Константин Андреевич вспомнил про часы, и сердцу стало веселее: уж как он рад был за Павла Ивановича, и за себя, и за всех, что вот не перевелись на свете настоящие мастера.
– Так что из того? Он же один такой.
– Это я тебе пример привел. Есть и другие мастера. Может, и не такие, как Павел Иванович, например, но тоже в своем деле все насквозь видят. А если б даже и один, так мастер – он именно и один в поле воин.
Константин Андреевич чувствовал, что брат, захваченный своими мыслями, вовсе его не слушает, он словно бы глухой, делает вид, что слушает внимательно, а сам тянет все одну и ту же песню.
– А вот скажи мне, Костя, не разговаривал ли ты с зятем своим о его будущем?
– Как раз сегодня.
– Ну, и что он тебе обещает? – усмехнулся Петр.
Лгать Константин Андреевич не мог.
– Мебель новую обещает. Тане модные наряды.
– А, видишь! – торжествовал Петр. – Ты небось думал – по молодости учиться станет, ум будет развивать, надеялся ведь?
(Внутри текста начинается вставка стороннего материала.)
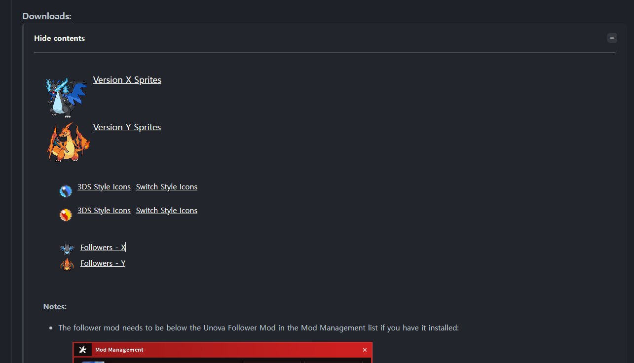메가진화 스프라이트 모드 소야 0 5 0 0 10.14 22:34 요로코롬 메가진화처럼 보이게 하는 모드라네요첨부한 링크 타고 가셔서다운로드를 클릭하시면 순서대로 x버전 y버전 스트라이트구요아래는 x버전 y버전 아이콘이며,그 아래는 따라오는 포켓몬 x버전과 y버전 입니다.취향에 맞게 다운받으시면 되겠습니다. 0 0 Author 0 0 Lv.10 소야 상록숲 174 (42.8%) 등록된 서명이 없습니다.
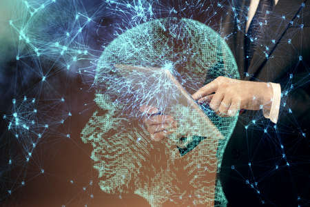 Double exposure of mans hand holding and using a digital device and brain hologram drawing. Data concept.
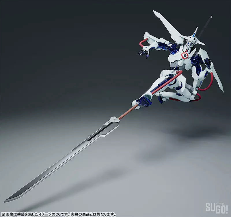 From the popular anime series "Gun x Sword" comes a MODEROID plastic model of Van's armor and one of the Original Seven mecha, Dann of Thursday. Standing at a height of approximately 190mm, this model features a sword and interchangeable hand parts. Translucent material is used for the G-ER fluid sections, while flexible parts allow for a wide range of articulation without sacrificing the mecha's unique design. The included sword can be separated into a large and small sword, and can even be attached to the forearm with additional parts. Dann of Thursday can also transform into sword mode with interchangeable parts. The mecha's various components are pre-colored and separated into different runners, making assembly simple and accurate to the series.
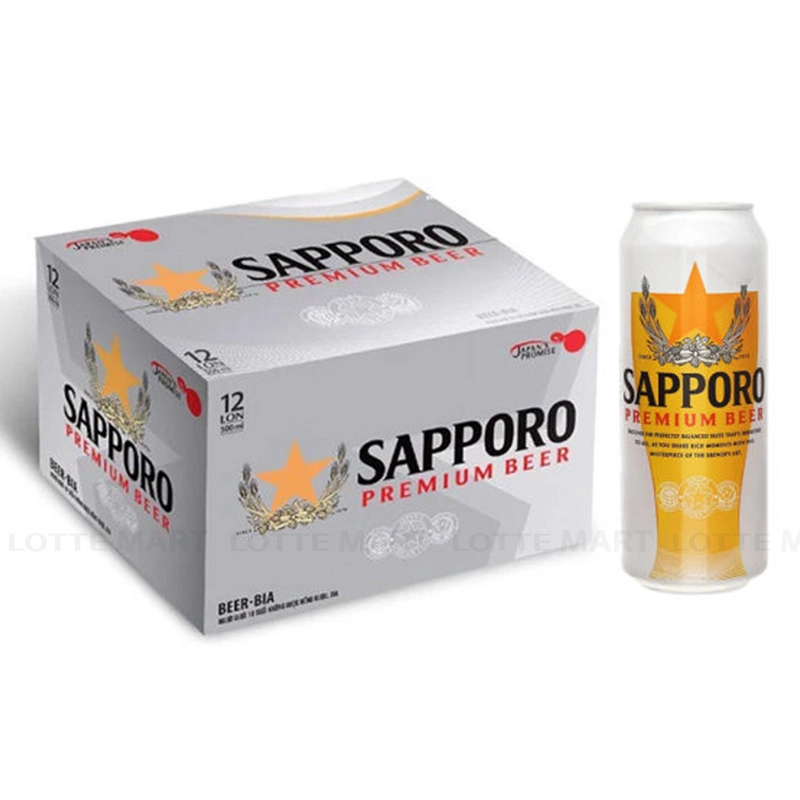 Thùng 12 Lon Bia Sapporo Premium 5% ABV 500Ml

– Надеялся, – признался Константин Андреевич.
– Узнаю тебя. Вот и проглоти. Слава богу, займется тряпками, хоть гулять не будет. А ты говоришь, это не протест против скуки. Да это и есть скрытый бунт. – Только сейчас Константин Андреевич заметил, что брат на взводе основательном, вот и топчется на одном и том же месте, жуя одно и то же простенькое соображение. – Ты погляди, сколько развелось рыбаков, охотников да грибников? Когда раньше их было столько? Это что такое? Это уход от жизни однообразной. Но ты-то, я вижу, лицо кислишь, не согласен со мной.
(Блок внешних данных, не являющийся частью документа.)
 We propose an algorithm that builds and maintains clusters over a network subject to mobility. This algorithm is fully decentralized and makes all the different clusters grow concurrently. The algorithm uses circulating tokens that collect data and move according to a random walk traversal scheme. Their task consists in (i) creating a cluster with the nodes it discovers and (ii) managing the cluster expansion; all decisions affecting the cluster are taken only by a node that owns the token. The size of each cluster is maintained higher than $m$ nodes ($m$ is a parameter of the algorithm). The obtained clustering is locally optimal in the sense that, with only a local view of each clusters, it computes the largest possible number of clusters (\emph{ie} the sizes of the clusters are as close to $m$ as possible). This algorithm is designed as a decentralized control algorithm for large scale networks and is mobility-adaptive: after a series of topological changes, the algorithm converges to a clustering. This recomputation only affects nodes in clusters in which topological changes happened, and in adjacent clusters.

– Нет, брат, жить не сладко, – признался Константин Андреевич. – Жизнь моя горькая. Горькая, как полынь. Жизнь – она и есть горькая полынь, брат.
– И она не обрыдла тебе?
– Нет, не обрыдла.
– И ничего в ней менять ты не станешь?
– Нет, не стану.
– А что, Костя, случись дело такое дикое – вот если твердо знать будешь, что завтра исчезнешь, не обрадуешься ли?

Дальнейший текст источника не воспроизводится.